** Task item **
Return, exactly and with nothing added, the line with "Pariana Grande: The" together with all lines after it through the end of the data below. No pictures belong in the copy.

** Records for this task **

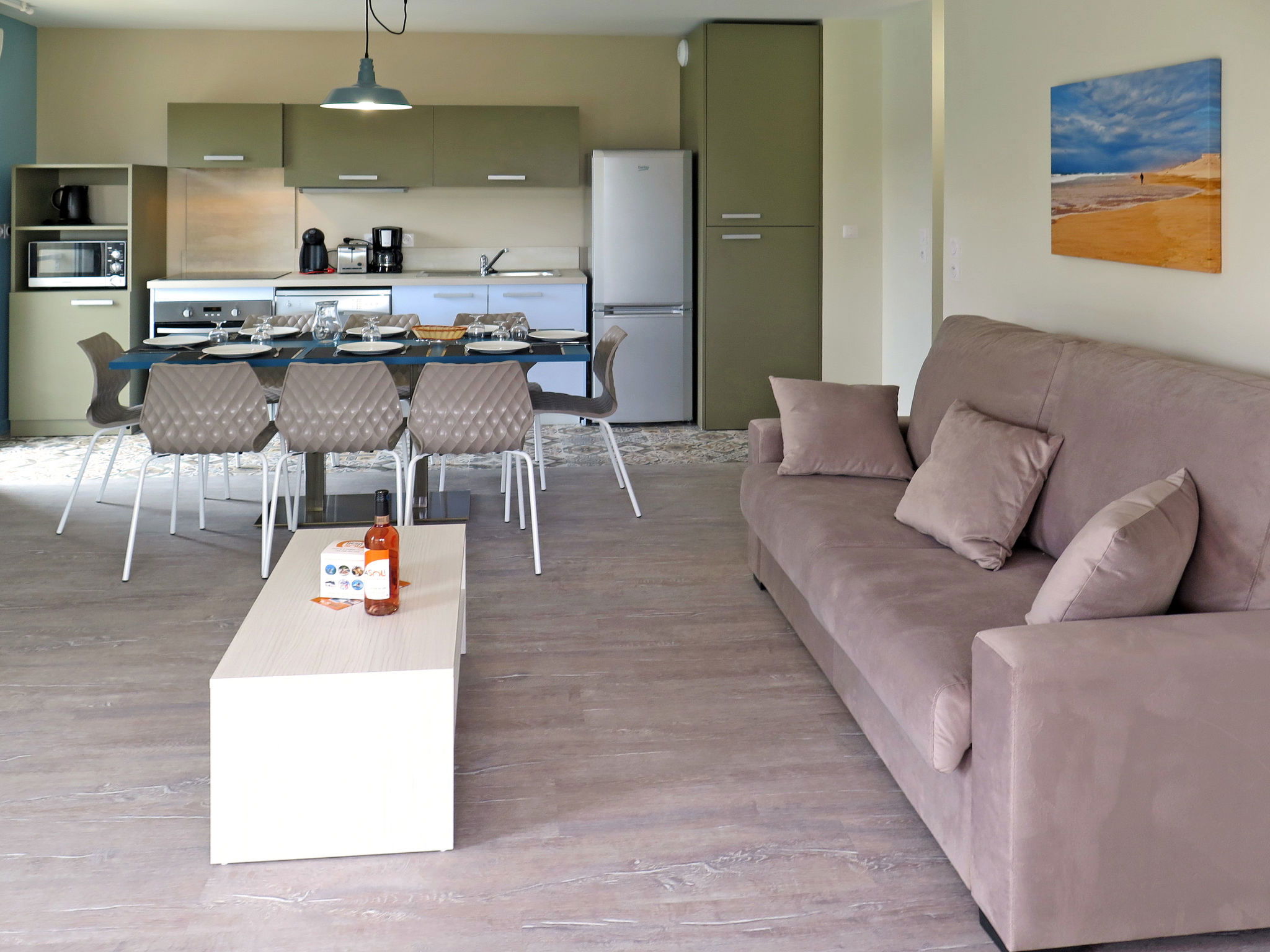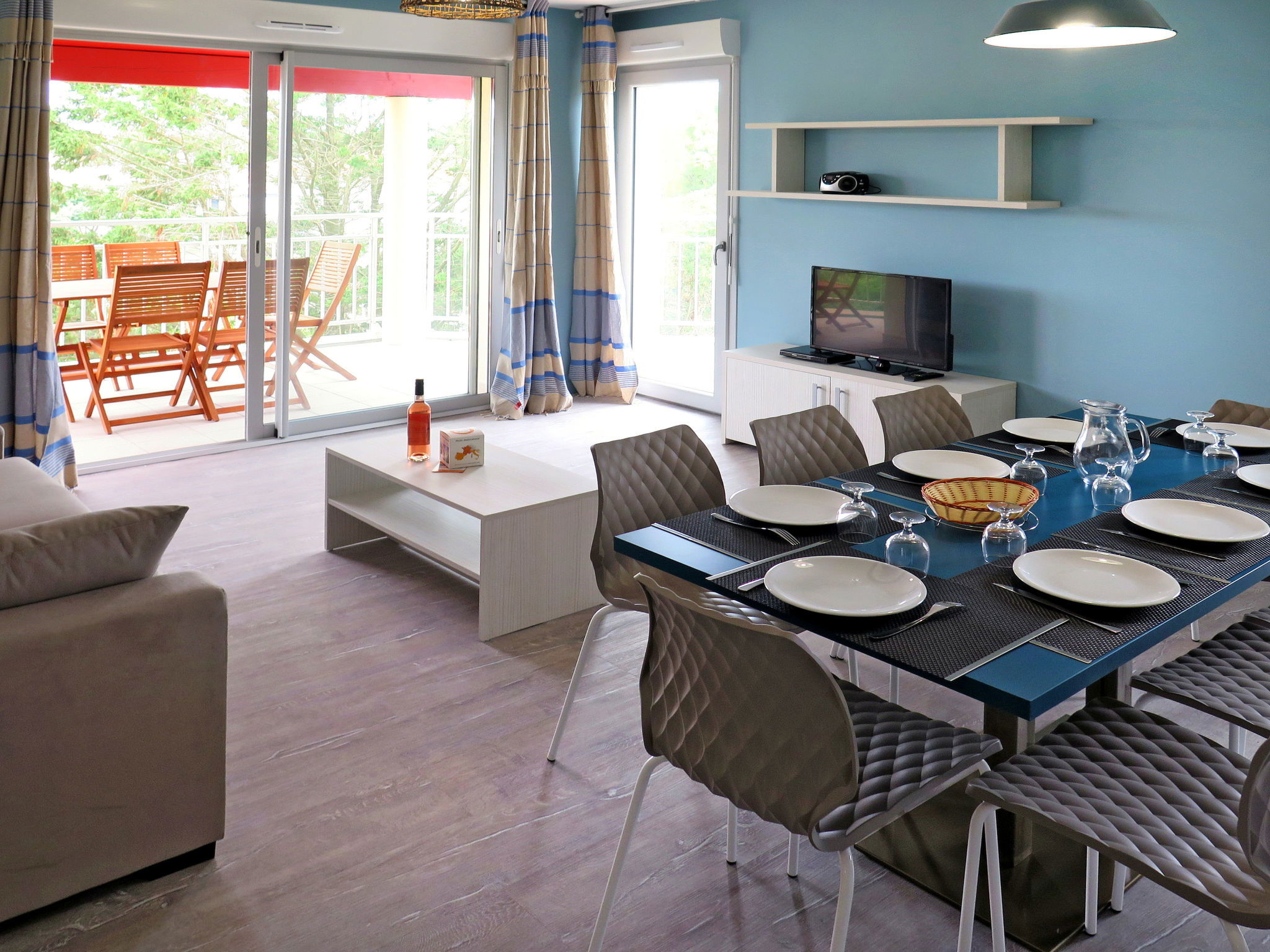 "Les Sables d’Or T4", 4-room apartment 80 m2. Modern and cosy furnishings: living/sleeping room with 1 double sofabed, dining table, TV, radio, CD-player and DVD. 2 rooms, each room with 1 french bed " 1.5 km, sandy beach 350 m, bathing lake "Lac Marin de Port d'Albret" 1 km. Golf course (18 hole) 9 km, tennis 750 m. The owner does not accept any youth groups. Please note: the photograph shows a typical example. The holiday properties may differ in living space, floorplan, equipment and furnishing.
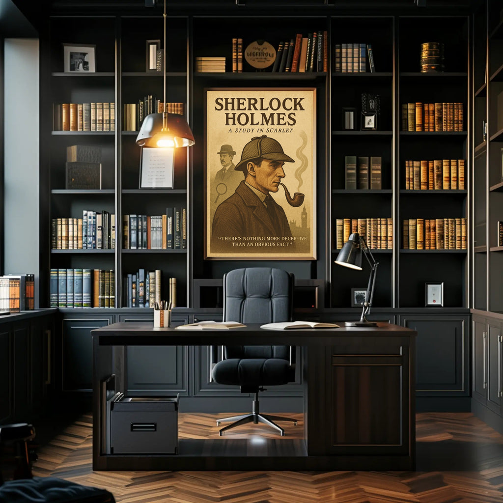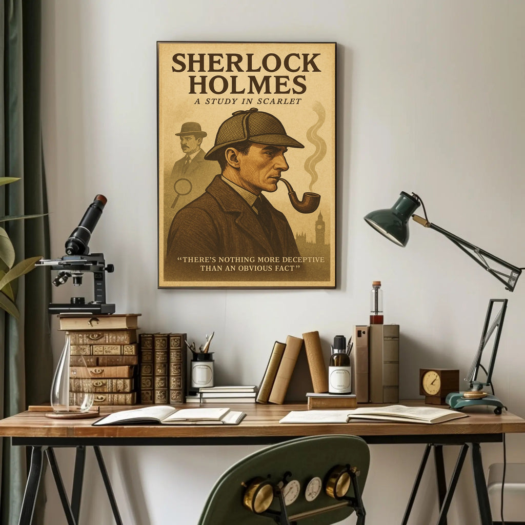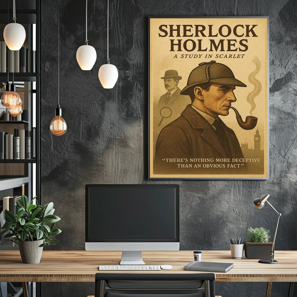 Why you'll love it: The poster's aged-paper texture and warm, muted palette create an authentic retro feel that complements modern and traditional interiors alike. The composition features a strong profile of Holmes, the memorable quote “There’s nothing more deceptive than an obvious fact,” and period details that reward close inspection—making it an excellent conversation piece for living rooms, studies, libraries, and office walls.
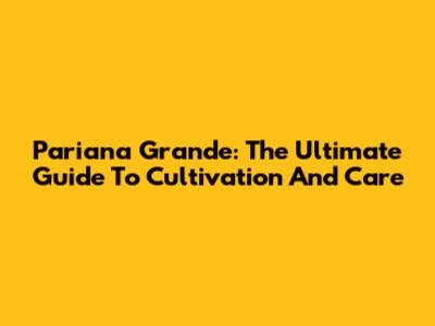Pariana Grande: The Ultimate Guide To Cultivation And Care
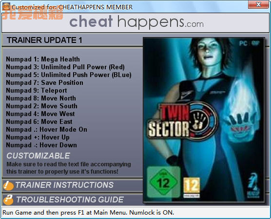 2、主菜单按 [F1] 激活修改器,激活成功会有 Activated 声音提示
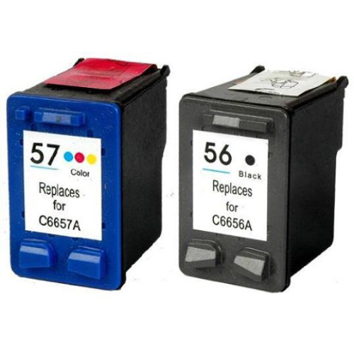 2 kompatibla bläckpatroner för skrivare för HP 56 + 57 HP DeskJet 450 5145 5150 5151 5550 5552 5650 5652 5655 5850 9650 9670 9680 Officejet 4105 42 42 12 422 15 4219 4252 4255 4259 5500 5505 5508 5510
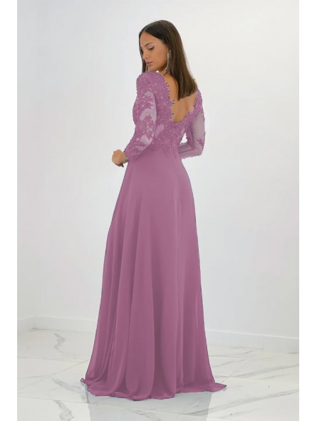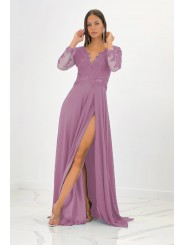 Abito impero con corpetto ricamato, scollo a V (petto/schiena) con manica lunga velata e ricamata e spacco laterale inguinale (lato sinistro)

** Response **
Pariana Grande: The Ultimate Guide To Cultivation And Care
 2、主菜单按 [F1] 激活修改器,激活成功会有 Activated 声音提示
 2 kompatibla bläckpatroner för skrivare för HP 56 + 57 HP DeskJet 450 5145 5150 5151 5550 5552 5650 5652 5655 5850 9650 9670 9680 Officejet 4105 42 42 12 422 15 4219 4252 4255 4259 5500 5505 5508 5510
 Abito impero con corpetto ricamato, scollo a V (petto/schiena) con manica lunga velata e ricamata e spacco laterale inguinale (lato sinistro)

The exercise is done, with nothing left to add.